- _WORK REQUEST_:
What you return must match the records word for word, except that images are dropped.

(WORKING DATA begins)

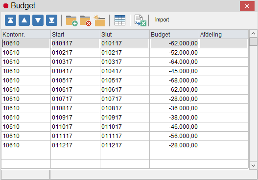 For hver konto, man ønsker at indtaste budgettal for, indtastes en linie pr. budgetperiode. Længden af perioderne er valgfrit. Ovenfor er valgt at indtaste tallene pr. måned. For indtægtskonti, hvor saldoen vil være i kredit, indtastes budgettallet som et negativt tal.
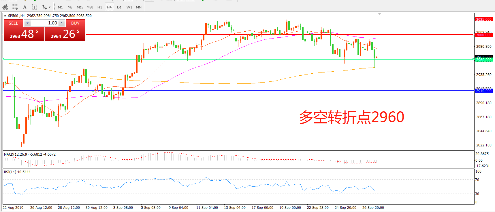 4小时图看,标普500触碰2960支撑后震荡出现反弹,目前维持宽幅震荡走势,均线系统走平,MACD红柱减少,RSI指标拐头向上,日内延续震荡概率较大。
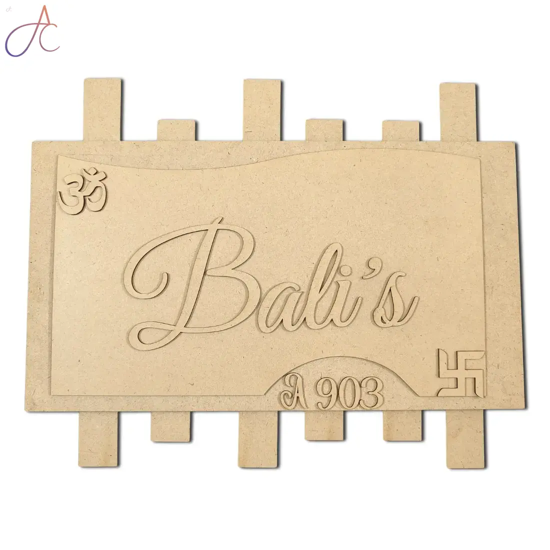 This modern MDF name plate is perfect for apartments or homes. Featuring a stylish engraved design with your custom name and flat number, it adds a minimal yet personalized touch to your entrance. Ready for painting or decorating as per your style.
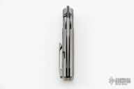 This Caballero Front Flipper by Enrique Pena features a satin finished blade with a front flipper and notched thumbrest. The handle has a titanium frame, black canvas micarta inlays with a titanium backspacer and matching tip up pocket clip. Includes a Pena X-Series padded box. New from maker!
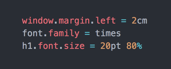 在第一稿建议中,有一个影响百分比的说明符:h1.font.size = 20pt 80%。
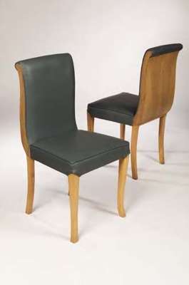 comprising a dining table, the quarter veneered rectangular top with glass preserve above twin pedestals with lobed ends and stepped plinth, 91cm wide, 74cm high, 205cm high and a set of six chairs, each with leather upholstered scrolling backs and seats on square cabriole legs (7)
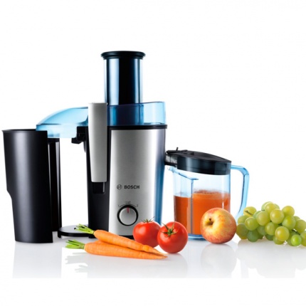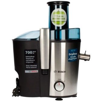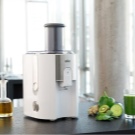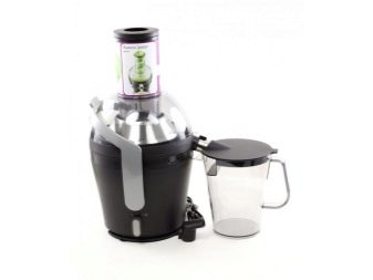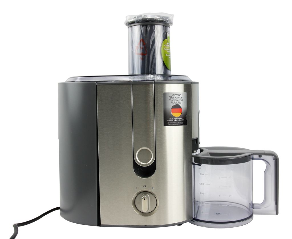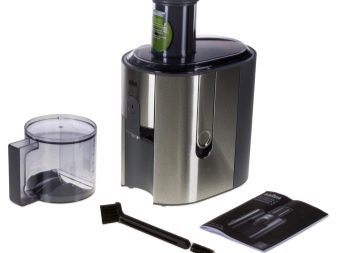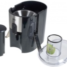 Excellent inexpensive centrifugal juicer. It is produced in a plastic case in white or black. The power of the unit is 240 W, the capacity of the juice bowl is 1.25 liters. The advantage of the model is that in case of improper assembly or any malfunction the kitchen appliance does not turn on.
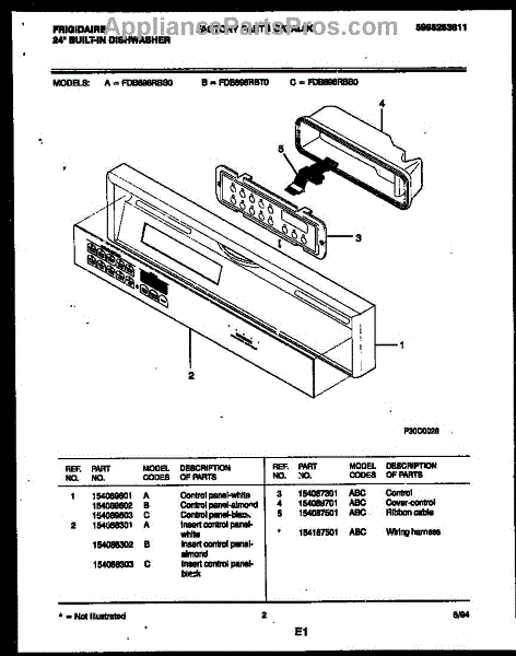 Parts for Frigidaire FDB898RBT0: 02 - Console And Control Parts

(WORKING DATA ends)

- _ANSWER TO THE PROBLEM_:
 For hver konto, man ønsker at indtaste budgettal for, indtastes en linie pr. budgetperiode. Længden af perioderne er valgfrit. Ovenfor er valgt at indtaste tallene pr. måned. For indtægtskonti, hvor saldoen vil være i kredit, indtastes budgettallet som et negativt tal.
 4小时图看,标普500触碰2960支撑后震荡出现反弹,目前维持宽幅震荡走势,均线系统走平,MACD红柱减少,RSI指标拐头向上,日内延续震荡概率较大。
 This modern MDF name plate is perfect for apartments or homes. Featuring a stylish engraved design with your custom name and flat number, it adds a minimal yet personalized touch to your entrance. Ready for painting or decorating as per your style.
 This Caballero Front Flipper by Enrique Pena features a satin finished blade with a front flipper and notched thumbrest. The handle has a titanium frame, black canvas micarta inlays with a titanium backspacer and matching tip up pocket clip. Includes a Pena X-Series padded box. New from maker!
 在第一稿建议中,有一个影响百分比的说明符:h1.font.size = 20pt 80%。
 comprising a dining table, the quarter veneered rectangular top with glass preserve above twin pedestals with lobed ends and stepped plinth, 91cm wide, 74cm high, 205cm high and a set of six chairs, each with leather upholstered scrolling backs and seats on square cabriole legs (7)
 Excellent inexpensive centrifugal juicer. It is produced in a plastic case in white or black. The power of the unit is 240 W, the capacity of the juice bowl is 1.25 liters. The advantage of the model is that in case of improper assembly or any malfunction the kitchen appliance does not turn on.
 Parts for Frigidaire FDB898RBT0: 02 - Console And Control Parts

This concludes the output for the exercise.